During the 2000 campaign, when Bush's spokesman was asked about the possibility of Bush facing a drug test back in 1972, the spokesman told the Times of London that Bush "was not aware of any [military] changes that required a drug test." Still, at the time when Bush, perhaps for the first time in his life, faced the prospect of a random drug test, his military records show he virtually disappeared, failing for at least one year to report for Guard duty. White House officials insist that if Bush missed any weekend Guard drills in 1972, he made up for them during the summer of 1973. If this is true, he would have been vulnerable to random drug tests during his makeup days. But again, Bush's own discharge papers fail to conclusively back up his claim that he performed Guard service in 1973.

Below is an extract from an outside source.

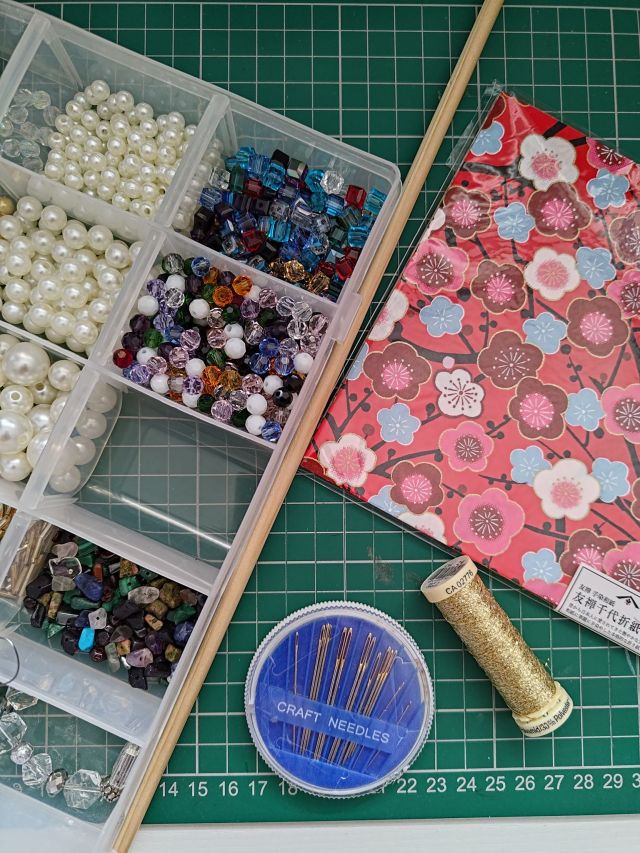 I made my origami butterfly curtain almost two years ago now! As a first attempt, it was quite easy to make and assemble, so there are many ways I could potentially improve on it. Better quality paper and beads for adorning were my initial ideas, so it is a good thing that I keep trays of assorted beads lying around! I also had some leftover sparkly gold thread to add to the sparkle.

"Nobody ever saw him" serving in 1973, notes author James Moore, whose upcoming book, Bush's War for Re-election," will detail Bush's military record. "Not a single soul has come forward to say, 'I remember the summer of '73 when I did Guard training with George Bush, the future president of the United States.'"

Moore notes that Bush's discharge papers make no reference to service in 1973. The last entry in Bush's papers are for April 1972. Also, if Bush had served in 1973, there would have to be an Officer Effectiveness Rating for that year in his military file. There is not. Nonetheless, in late 1973 Bush received an honorable discharge in order to attend Harvard Business School.

During the early stages of his 2000 campaign for president, Bush was dogged by questions of whether he ever used cocaine or any other illegal substance when he was younger. Bush refused to fully answer the question, but in 1999 he did issue a blanket denial insisting he had not used any illegal drugs during the previous 25 years, or since 1974. Bush refused to specify what "mistakes" he had made before 1974.

Perhaps realizing that explanation pointed reporters toward possible drug use during his time as a guardsman, Bush insisted he hadn't taken any drugs while serving in the Texas Air National Guard, between 1968 and 1974. "I never would have done anything to jeopardize myself. I got airborne and I got on the ground very successfully," he told reporters on Aug. 19, 1999. But today we know that for his last 18 months in the Guard, from April 72 to late '73, Bush didn't have to get airborne, because he simply quit flying. Moreover, if Bush in fact took no drugs at all after 1968, that would mean his drug use, if any, stopped at age 22 -- an unusual age to swear off recreational substances for someone with the partying reputation Bush had at that time.

Unanswered questions continue to swirl around Bush's Guard service in part because he refuses to release the full contents of his military records.